Adult survivor of severe child abuse/rape survivor/domestic violence/
emotional abuse/transference in therapy/depression, fear, panic attacks & anxiety... /self-injury (SI)/complex relational trauma/severe PTSD & multiple complex PTSD (SPTSD & MCPTSD)/dissociative identity disorder (DID)​

Logotherapy Dream Interpretation ~ Will she ever stop hurting me?

21/5/2019

2 Comments

 
Picture
Theory of Logotherapy Dream Interpretation (a handout I share with the students after presenting LDI to them)
LOGOTHERAPY DREAM INTERPRETATION ~ Presented by Panayiota
Created using personal experience and an article called: Theory on Interpretation of Dreams
~ Logotherapy Immediate Workshop Manual – 2009
 
“Dreams - can reflect hopes and wishes form the unconscious, not only repressed aggression and lust, but calls from the conscious towards meaningful behaviour.  Advice from the unconscious to the conscious.”  
 
“Frankl has an expanded concept of the unconscious.  He asserts that it contains, also, repressed hopes, goals, and meanings to which dreams are royal roads.”
 
A Frankl quote from his concentration camp experience:  
“What was really needed was a fundamental change in our attitude toward life.  We had to learn ourselves and, furthermore, we had to teach the despairing men, that it did not really matter what we expected from life, but rather what life expected from us” (Frankl 2008:85) ~ Man’s Search for Meaning
 
“Viktor Frankl.... sees the unconscious not only in a psychological but also in a spiritual dimension as a royal road into a much wider land.  It can lead to meaning.”
 
“Dreams may make you aware of repressed drives and traumas that are too painful to face.  But dreams may also convey advice from the conscience.

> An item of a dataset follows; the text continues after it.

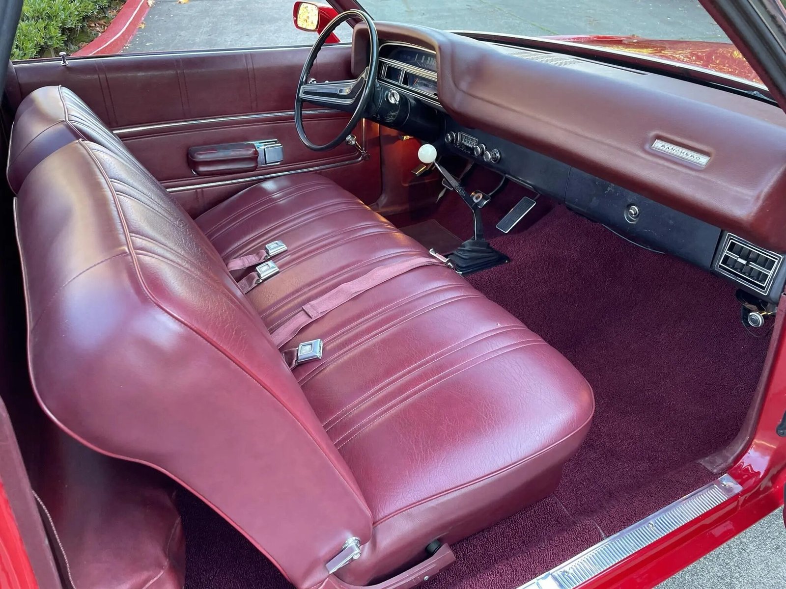 The split bench seat is upholstered in dark red vinyl with a color-coordinated dashboard, door panels, and carpets.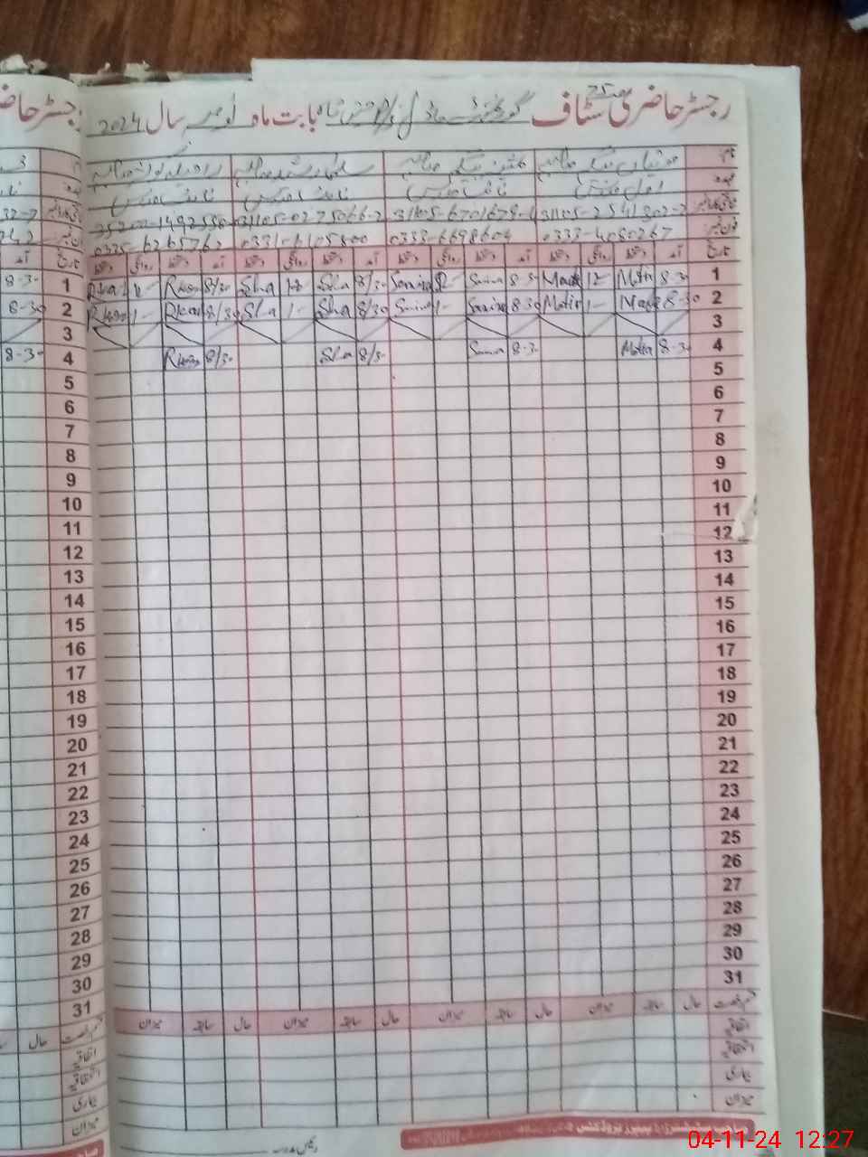 | CNIC | Full Name | Designation | R/C | Absence During Last Calender Month |

A dream interpretation from this perspective can help you to discover what is meaningful.” 
 
“Because the messages in dreams are often hard to understand, because of their symbolic nature, it is often easier to elicit ideas from your client using metaphors, fantasies and imagery.”
 
So, if you find that you aren’t able to help your client to interpret a dream... and maybe they don’t even have a dream to work on, then using metaphorical stories or images could be another way to elicit ideas from your client for you to both work on together. 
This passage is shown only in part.